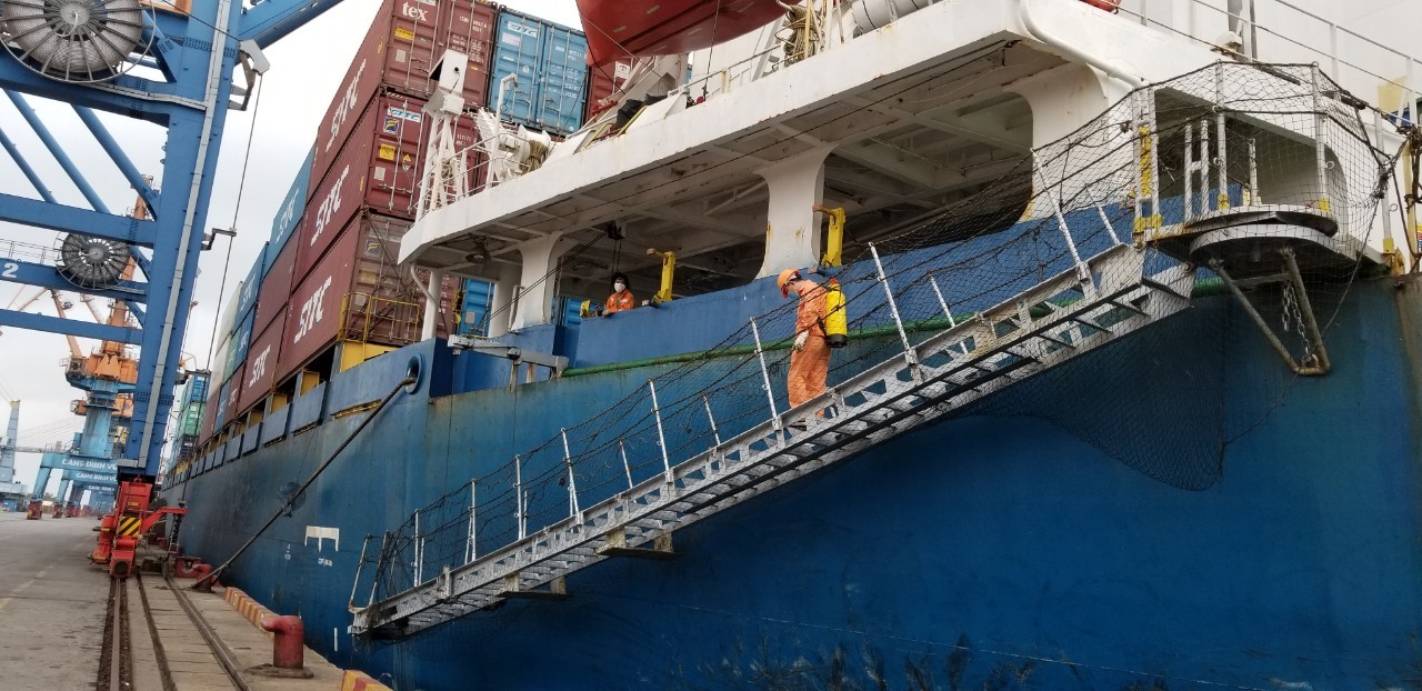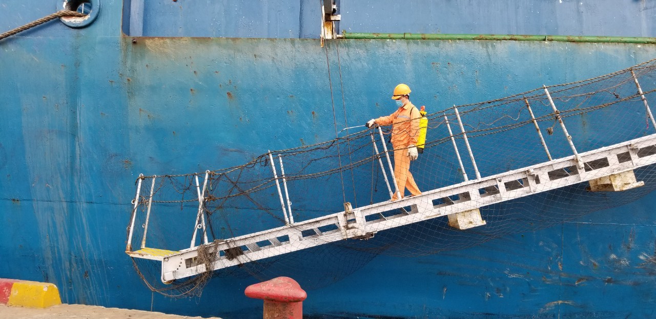 Trong 2 ngày 25-26/3/2020, các lực lượng Y tế, An toàn lao động và công nhân bốc xếp đã phối hợp triển khai phun thuốc khử trùng Chloramin B tại cầu thang lên xuống các tàu neo đậu tại cảng trước khi bắt đầu làm hàng. Trong quá trình phun thuốc đảm bảo trang bị đầy đủ bảo hộ cá nhân như găng tay, khẩu trang; sau khi phun thuốc rửa tay xà phòng, sát khuẩn…
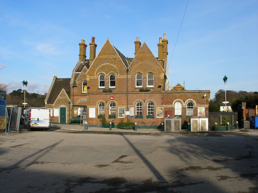 The splendid eastern façade of the station building was restored by British Rail. Lymington Town once again has an operating ticket office, open every morning and early afternoon, seven days a week. The green paint is indicative that the branch line has been formally designated a ''heritage line''. © David Glasspool
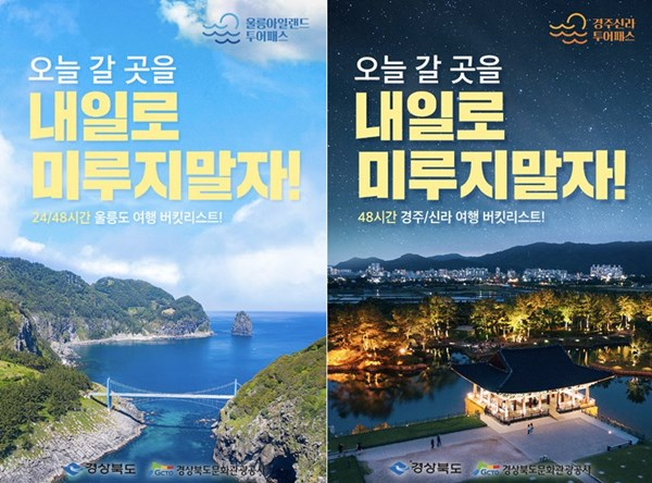 24일에 출시되는 경북투어패스는 2종으로, 경주, 포항, 영천을 대표하는 관광지 18개소로 구성한‘경주-신라투어패스’(광역패스)와 울릉도의 주요 관광지 6개소 이용과 대중교통(버스) 혜택을 담은 ‘울릉아일랜드투어패스’(특화패스)이다. 패스에는 다수의 맛집, 숙박할인까지 포함하고 있어 지역관광업계 활성화도 기대된다.
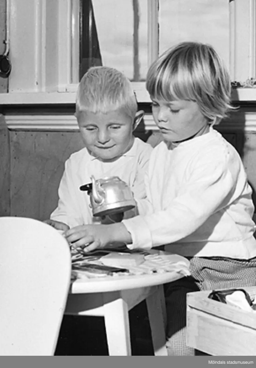 En pojke och en flicka sitter vid ett "kaffebord". Holtermanska daghemmet 1953.
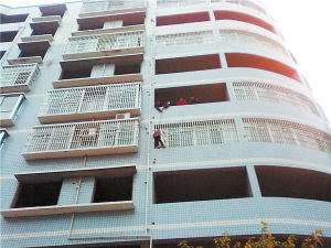 2月10日,开县平桥移民新区一栋居民楼上演惊险一幕。一位女孩在腰上仅系有一根绳子的情况下,从五楼降至四楼回家取钥匙,所幸在整个过程并未发生意外。
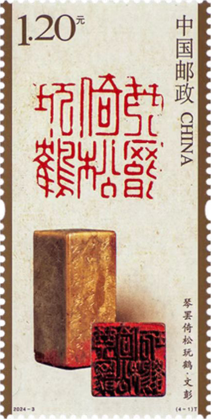 篆刻艺术是中国传统视觉文化艺术形式之一。中国篆刻既可作为艺术作品独立欣赏,又广泛应用于书画创作、金石题跋之中,具有丰富的文化内涵,是中华优秀传统文化的典型符号之一。本套邮票沿用了该系列第一组的竖长票型,采用淡黄底色,全方位展示了印蜕、印章、印面三部分,使用高精度胶版及特种光油印刷,增添了印章和印油的质感。邮票画面主体采用三维立体压凸工艺,根据四枚印章各自的阴刻、阳刻特点选取局部压凸,使得篆刻的细节跃然方寸之上。
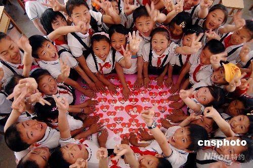 2008年5月30日,來(lái)自四川綿陽(yáng)地震災(zāi)區(qū)、在日照市經(jīng)濟(jì)開(kāi)發(fā)區(qū)第二小學(xué)上學(xué)的3名學(xué)生,在新學(xué)校與老師同學(xué)們歡慶“六一”兒童節(jié)。日照經(jīng)濟(jì)開(kāi)發(fā)區(qū)第二小學(xué)的師生為3名同學(xué)送上精美禮物,祝福他們和四川地震災(zāi)區(qū)的小朋友節(jié)日快樂(lè)。近日,山東日照市教育部門安排3名投奔親友的四川地震災(zāi)區(qū)小學(xué)生就近在日照經(jīng)濟(jì)開(kāi)發(fā)區(qū)二小上學(xué),學(xué)校為這3名學(xué)生捐贈(zèng)了學(xué)習(xí)用品,并減免費(fèi)用。中新社發(fā) 陳為峰 攝
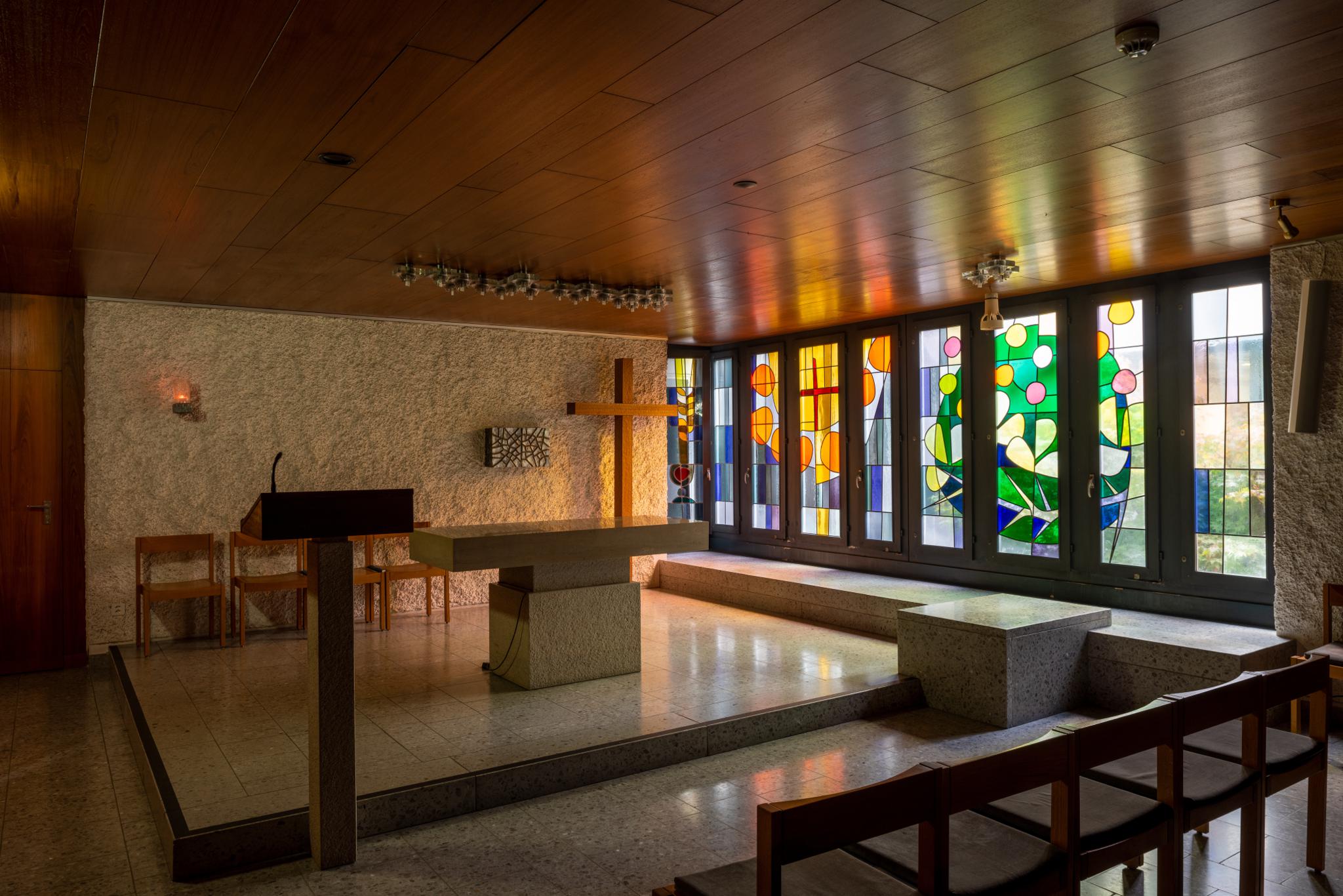 Das Kantonsspital in Wil wurde 1970 nach den Plänen des Planungs- und Architekturbüros Glaus und Stadlin (1954–1993, St. Gallen) errichtet, das von Otto Glaus (1914–1996), einem wichtigen Vertreter einer skulpturalen Schweizer Sichtbetonarchitektur geleitet wurde. Die Kapelle im Untergeschoss wurde mit einer bauzeitlichen raumgreifenden Glasmalerei von Heinrich Stäubli ausgestattet (HS_1059).
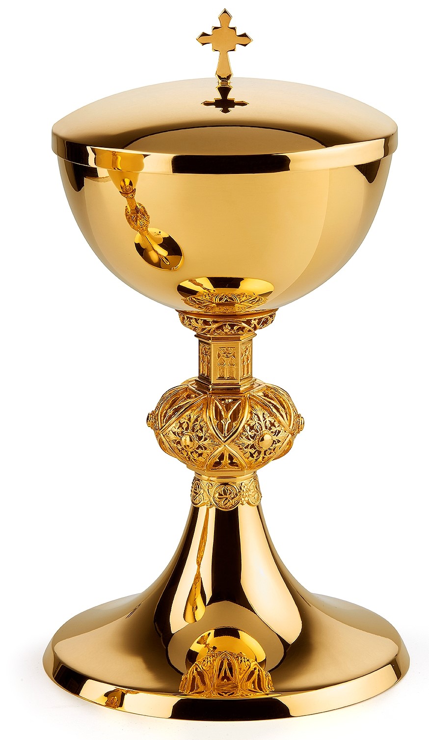Ciborium aus Messing, vergoldet, poliert, Nodus mit Ziselierarbeit, Höhe: 23 cm, Cupadurchmesser: 14,4 cm
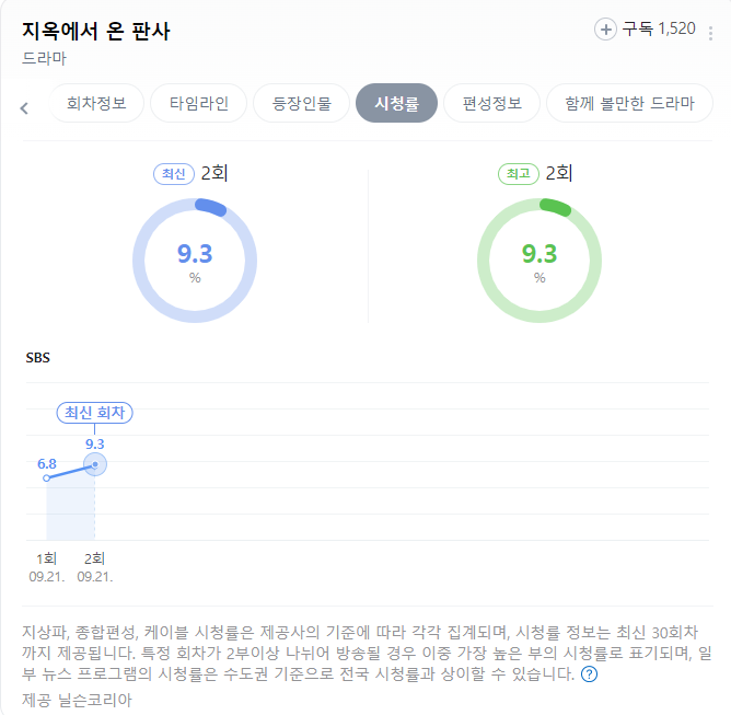 지옥에서 온 판사의 1회 시청률은 6.8%, 그리고 2회 시청률은 9.3%를 기록했습니다. 동일한 날에 1,2회 연속 방송되었는데, 2회 시청률이 조금 더 높게 나온 점도 주목할만한 성과입니다.
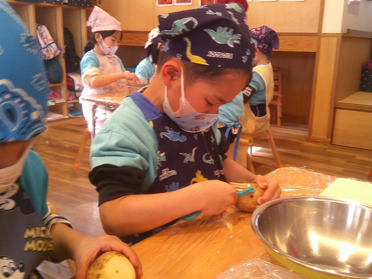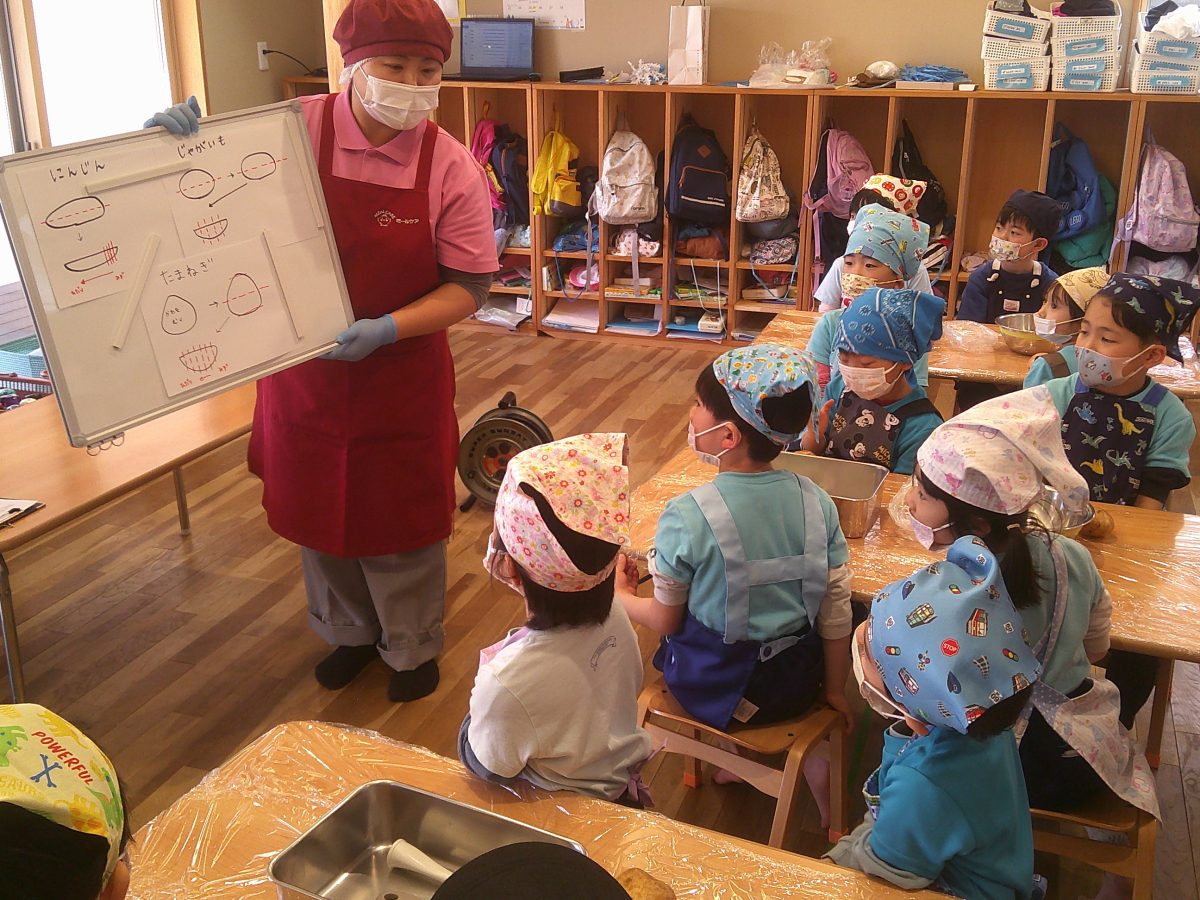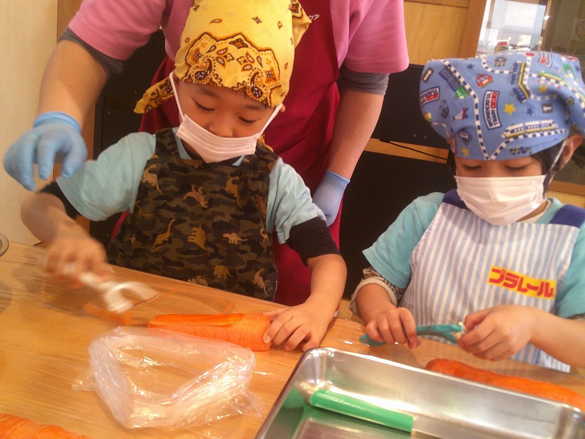 ミールケアさんの話をよく聞いて、野菜の皮をむいたり、包丁で切ったりしました🥕🥔
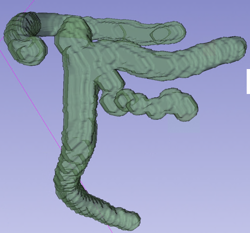 原理: 把血管"瘦身"回原来的粗细。由于第一步已经建立了实体的体素连接,这一步收缩时,连接处会被保留下来,不会像 Closing 那样被切断。

::::::::::

Exercise brief: Output, word for word, the full listing above, with no pictures.

Written response:
 Trong 2 ngày 25-26/3/2020, các lực lượng Y tế, An toàn lao động và công nhân bốc xếp đã phối hợp triển khai phun thuốc khử trùng Chloramin B tại cầu thang lên xuống các tàu neo đậu tại cảng trước khi bắt đầu làm hàng. Trong quá trình phun thuốc đảm bảo trang bị đầy đủ bảo hộ cá nhân như găng tay, khẩu trang; sau khi phun thuốc rửa tay xà phòng, sát khuẩn…
 The splendid eastern façade of the station building was restored by British Rail. Lymington Town once again has an operating ticket office, open every morning and early afternoon, seven days a week. The green paint is indicative that the branch line has been formally designated a ''heritage line''. © David Glasspool
 24일에 출시되는 경북투어패스는 2종으로, 경주, 포항, 영천을 대표하는 관광지 18개소로 구성한‘경주-신라투어패스’(광역패스)와 울릉도의 주요 관광지 6개소 이용과 대중교통(버스) 혜택을 담은 ‘울릉아일랜드투어패스’(특화패스)이다. 패스에는 다수의 맛집, 숙박할인까지 포함하고 있어 지역관광업계 활성화도 기대된다.
 En pojke och en flicka sitter vid ett "kaffebord". Holtermanska daghemmet 1953.
 2月10日,开县平桥移民新区一栋居民楼上演惊险一幕。一位女孩在腰上仅系有一根绳子的情况下,从五楼降至四楼回家取钥匙,所幸在整个过程并未发生意外。
 篆刻艺术是中国传统视觉文化艺术形式之一。中国篆刻既可作为艺术作品独立欣赏,又广泛应用于书画创作、金石题跋之中,具有丰富的文化内涵,是中华优秀传统文化的典型符号之一。本套邮票沿用了该系列第一组的竖长票型,采用淡黄底色,全方位展示了印蜕、印章、印面三部分,使用高精度胶版及特种光油印刷,增添了印章和印油的质感。邮票画面主体采用三维立体压凸工艺,根据四枚印章各自的阴刻、阳刻特点选取局部压凸,使得篆刻的细节跃然方寸之上。
 2008年5月30日,來(lái)自四川綿陽(yáng)地震災(zāi)區(qū)、在日照市經(jīng)濟(jì)開(kāi)發(fā)區(qū)第二小學(xué)上學(xué)的3名學(xué)生,在新學(xué)校與老師同學(xué)們歡慶“六一”兒童節(jié)。日照經(jīng)濟(jì)開(kāi)發(fā)區(qū)第二小學(xué)的師生為3名同學(xué)送上精美禮物,祝福他們和四川地震災(zāi)區(qū)的小朋友節(jié)日快樂(lè)。近日,山東日照市教育部門安排3名投奔親友的四川地震災(zāi)區(qū)小學(xué)生就近在日照經(jīng)濟(jì)開(kāi)發(fā)區(qū)二小上學(xué),學(xué)校為這3名學(xué)生捐贈(zèng)了學(xué)習(xí)用品,并減免費(fèi)用。中新社發(fā) 陳為峰 攝
 Das Kantonsspital in Wil wurde 1970 nach den Plänen des Planungs- und Architekturbüros Glaus und Stadlin (1954–1993, St. Gallen) errichtet, das von Otto Glaus (1914–1996), einem wichtigen Vertreter einer skulpturalen Schweizer Sichtbetonarchitektur geleitet wurde. Die Kapelle im Untergeschoss wurde mit einer bauzeitlichen raumgreifenden Glasmalerei von Heinrich Stäubli ausgestattet (HS_1059).
Ciborium aus Messing, vergoldet, poliert, Nodus mit Ziselierarbeit, Höhe: 23 cm, Cupadurchmesser: 14,4 cm
 지옥에서 온 판사의 1회 시청률은 6.8%, 그리고 2회 시청률은 9.3%를 기록했습니다. 동일한 날에 1,2회 연속 방송되었는데, 2회 시청률이 조금 더 높게 나온 점도 주목할만한 성과입니다.
 ミールケアさんの話をよく聞いて、野菜の皮をむいたり、包丁で切ったりしました🥕🥔
 原理: 把血管"瘦身"回原来的粗细。由于第一步已经建立了实体的体素连接,这一步收缩时,连接处会被保留下来,不会像 Closing 那样被切断。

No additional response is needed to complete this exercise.